4. Cal/Val Processes

4.1. Pre-Launch to Post-Launch and Cal/Val Maturity

Declaring SDR/EDR product maturity is the result of a specific review of artifacts that document that the products meet a series of criteria defined for each maturity stage. The Cal/Val plan documents describe in detail the methodologies on how xDR products specified in the JPSS Program L1RD and L1RDS will be evaluated and validated for each of the maturity status. The planned Cal/Val activities during the (a) Pre-Launch; (b) Early Orbit Check-out (EOC); (c) Intensive Cal/Val (ICV), and (d) Long-term Monitoring (LTM) phases are also included in the Cal/Val plans.

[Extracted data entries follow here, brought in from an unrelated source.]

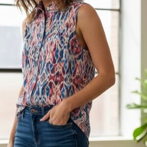pgrade your summer wardrobe with this vibrant St. John's Bay sleeveless blouse. Featuring a striking red and blue geometric print, it's perfect for layering under a cardigan for work or wearing alone on a sunny day.
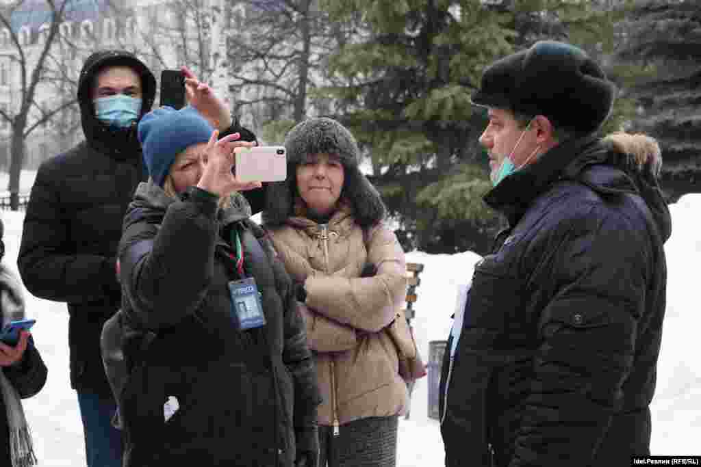 Позднее казанцы направились к памятнику жертвам политических репрессий в Ленинском садике. Около 15 человек возложили цветы. Глава татарстанского отделения партии "Яблоко" Руслан Зинатуллин удивлялся тому, что полицейские начали задерживать граждан у часов. Он вспомнил, как горожане после трагических событий несут цветы именно к этому месту. И задержаний ранее не было.
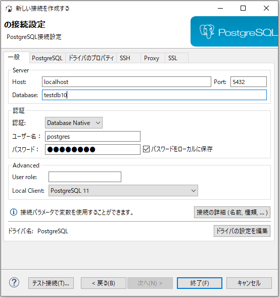 | DBeaverでPostgreSQLに接続する | |
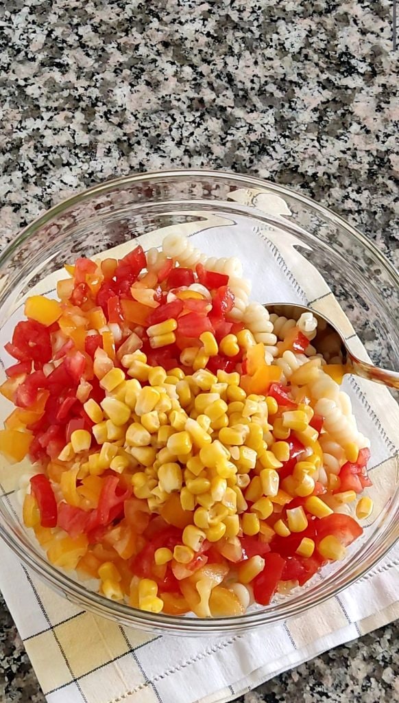 • Ajoutez aux pâtes maintenant refroidies les tomates cerises, le maïs, le thon et les petits pois. Si les billes de mozzarella sont plus grandes, coupez-les en deux.
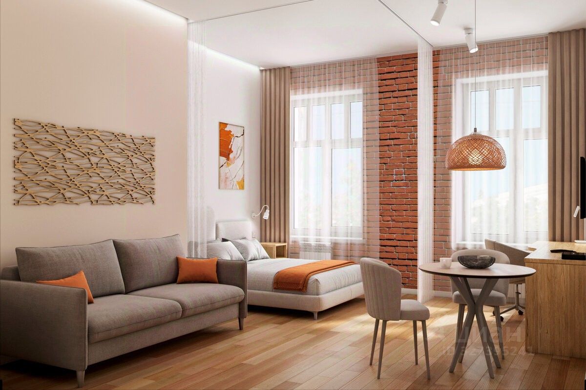 Удобная, классическая, функциональная европланировка. Общая площадь апартаментов - 24.9 м², высота потолка 3 м.
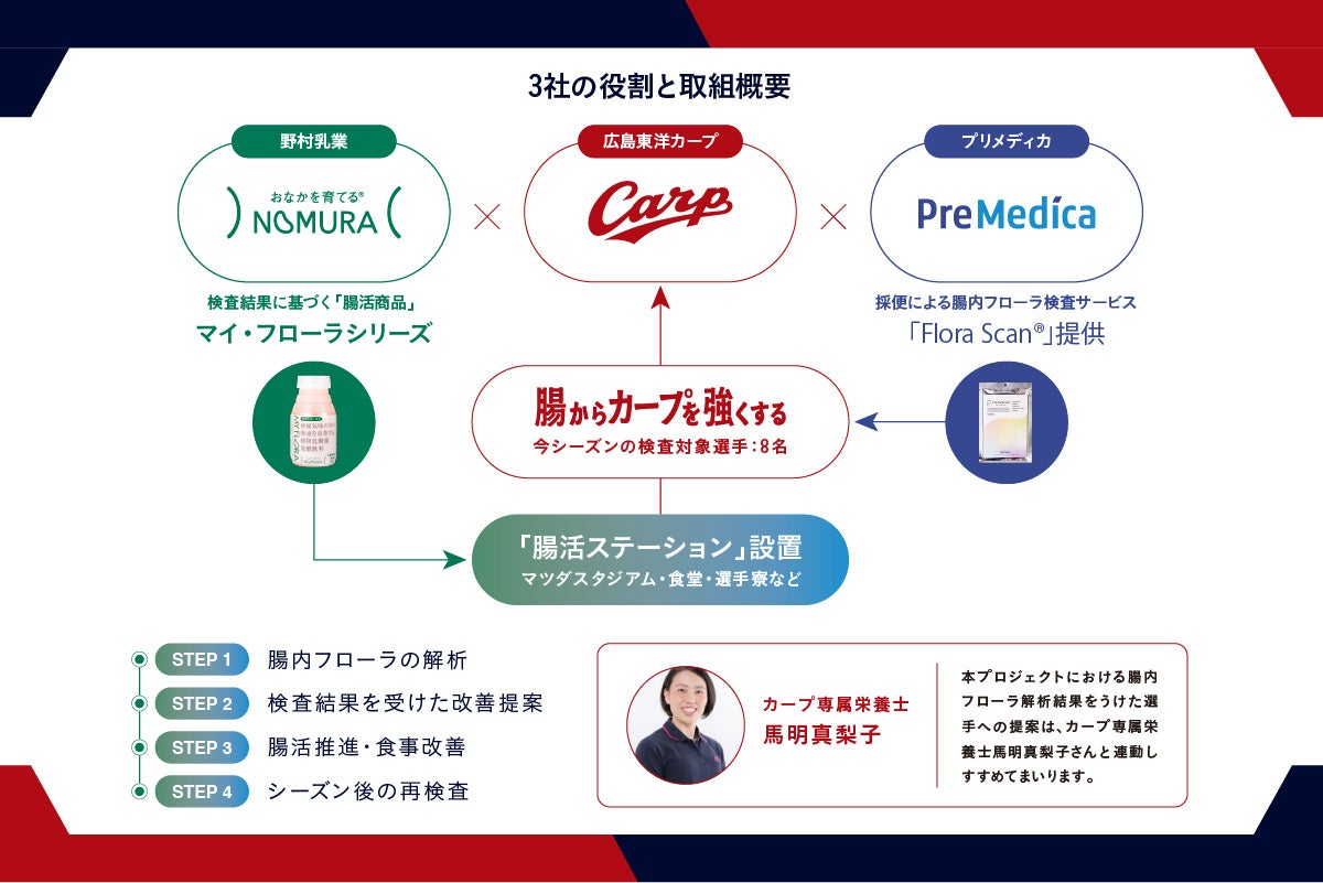 株式会社広島東洋カープ(本社:広島県広島市南区代表取締役社長:松田 元)と、予防医療領域における検査サービスを展開する株式会社プリメディカ(本社:東京都港区、代表取締役社長 兼 CEO:富永 朋)、「おなかを育てる」腸活専門メーカーの野村乳業株式会社(本社:広島県安芸郡府中町、代表取締役:野村 和弘)は、2025年シーズンより開始した、選手の腸内フローラ(腸内細菌叢)を科学的に分析・改善することで、体調管理やパフォーマンス向上をサポートすることを目指す『GUT POWER PROJECT(ガット パワー プロジェクト)』の取り組み結果をうけ、2026年も腸からカープを強くする取り組みを継続することをお知らせします。
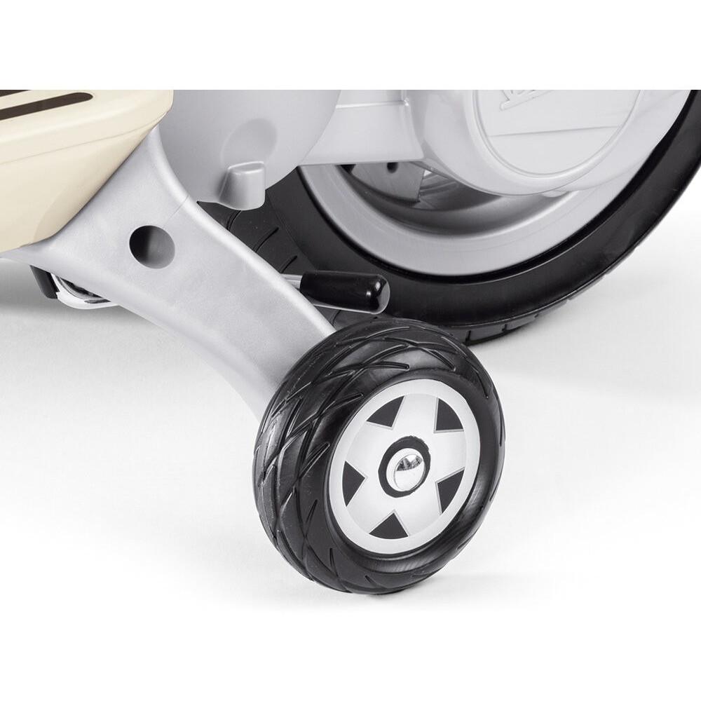 The Peg Perego Vespa is packed full of comforts and features such as the large and cosy seat, the rear object holder that also functions as a backrest that can be removed to leave space for a strong baggage rack. A large footrest accommodates any driving style. The look of the stabiliser wheels fits perfectly with the design. They are perfect for small children who are still a little unsteady and can be removed when your child has acquired the necessary balance. The rubber tyres offer exceptional grip and the large mudguards protect from the spray. The iron kickstand is very strong and durable. The headlights are all reflective of natural light.
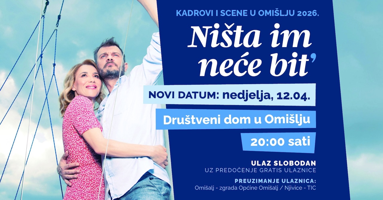 U nedjelju, 12.04. u 20 sati u Društvenom domu u Omišlju gostuje kazališna predstava “Ništa im neće bit“, kazališta Moruzgva.
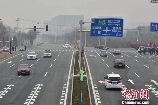 12日,壁富路(顺义区段)道路工程正式通车。这条双向六车道的主干道,将成为城市副中心往来首都机场的便捷通道,实现城市副中心与周边辖区的快速连接。图为壁富路(顺义区段)通车。 张可为 摄
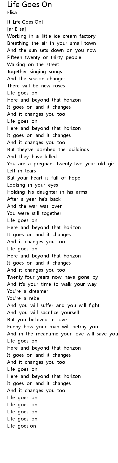| ti: Life Goes On | |
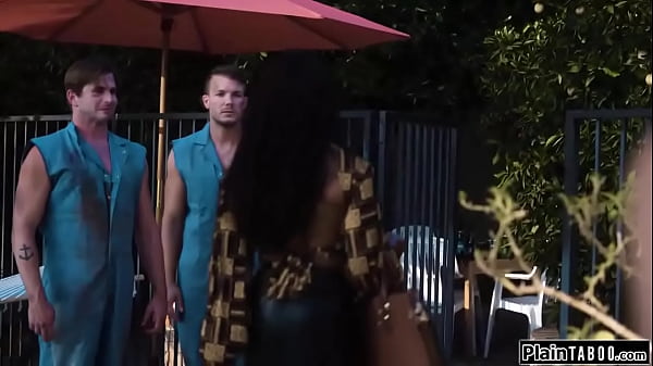 PlainTaboo.com - Busty brunette threesome fucks workers

This is schematically depicted in Figure 2. During pre-launch, the emphasis is on characterizing the product performance utilizing the data sets available for the specific instrument (e.g., Thermal Vacuum Chamber (TVAC) test data sets; proxy or synthetic data sets generated from previous missions) and leveraging on the expertise gained from the previous missions. The Cal/Val teams also develop tools during the pre-launch to exercise post-launch activities. During the post-launch EOC phase, the emphasis is on sensor characterization and calibration, and quick-look analysis of the products derived from real satellite observations. This is followed by post-launch ICV with emphasis on characterizing the product performance (Accuracy, Precision and Uncertainty, APU) for different scenarios defined in the L1RDS using a variety of correlative data sets.
Figure 2. Components of Cal/Val Process from Pre-Launch to Post-Launch.
Figure 2. Components of Cal/Val Process from Pre-Launch to Post-Launch.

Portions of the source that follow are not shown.